Of course worrying, at best, does no good, and at worse, causes only more harm. I have to focus on the choices I have and the things I control. I control my rest, my fluids, and my medication. That is the only path to getting well that I have.
I’m feeling a little better than yesterday, or pretending to even if I don’t because today we’re going out to brunch and the to the ballet. I’ve been looking forward to this for months now and there is no way I’m going to miss it or allow a little cold to get in the way of good food, a few glasses of mimosas, live music, or the anticipation of another wonderful performance from the Colorado Ballet.
The whole day was absolutely perfect! Brunch was great as always. We’ve been to that place many, many times and the customer service, the food, and the music never disappoint.
The ballet was as good as I hoped it would be. There were a lot of kids there, of course, and I wondered if I might have enjoyed the performance even more if I’d a child of my own to share it with. I can’t know but I did remind myself that there is a child that still exists in me and I during the performance I allowed her to come forward to enjoy the story alongside this adult version of me. I allowed myself to relax into wonder and awe and joy.

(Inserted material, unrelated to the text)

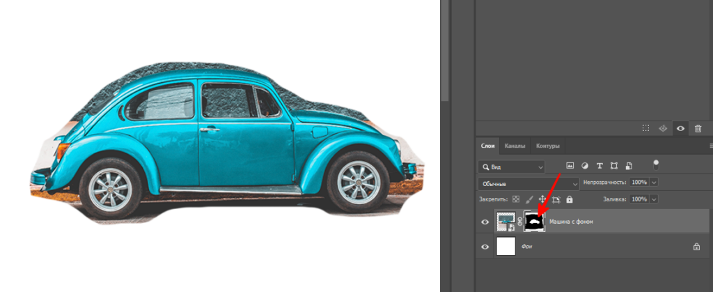 К слою добавится маска, но визуально на картинке ничего не изменится, так как маска невидимая. Возле слоя с машиной на нашем примере появился белый квадрат — это маска.

I love that I can give that child all these things she never had a chance to experience in her time. I love that I can be a parent to myself now.
Well, I was 100% wrong about today. It snowed so much overnight and it’s forecasted to snow so much over the course of the day that every school district in the metro area is closed today. So I’m home for my 3rd snow day of the season and wondering if the year will have to be extended as we move further into February and March, our snowiest time of year and more and more and more snow days are called as the storms get worse and worse.

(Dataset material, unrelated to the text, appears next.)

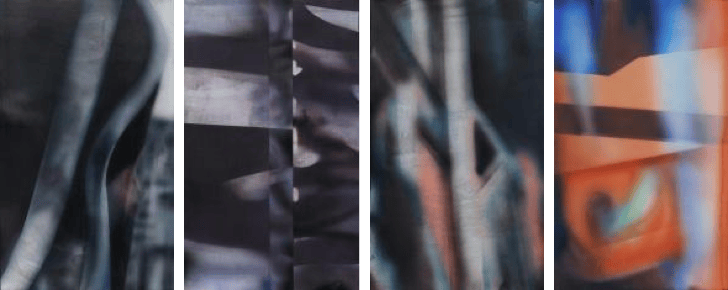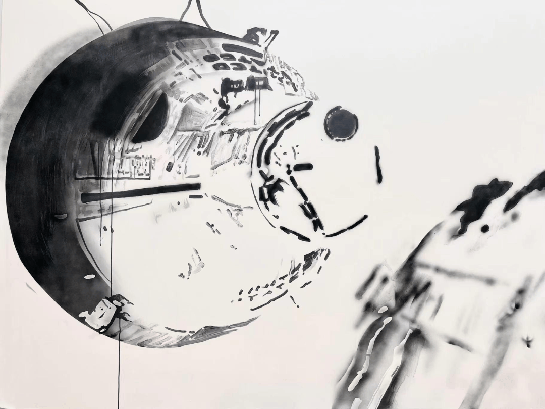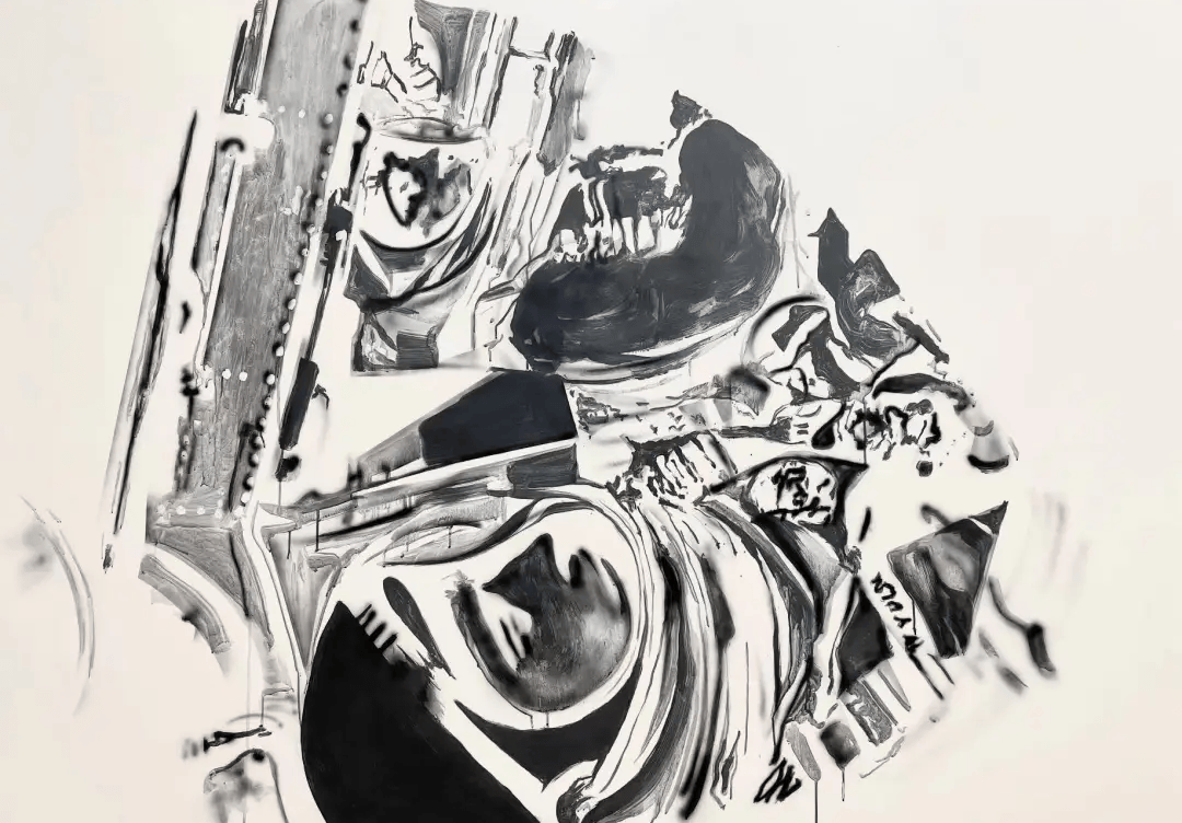 他将这些切片进行色彩反转,以喷枪结合画笔进行创作:局部用喷枪喷涂,细节用笔勾勒,形成类似单色照片的质感。该系列在视觉倾向上虽与其他作品有所不同,但保留了拼贴思维中图像抽离与重组的核心,唤起了观众对集体记忆的共鸣。

I was also wrong about this cold being all in my head. I woke up with a sore and swollen throat and a generally miserable feeling all over my body. I hope this will be the worst of it. I can deal with a sore throat but coping with a stuffy nose or a cough is so much harder. So, the snow day was a blessing on more than one front and I plan to spend it on the couch reading and resting up. This weekend is going to be an exciting one and I don’t want a second of it ruined over a something as small as a sore throat.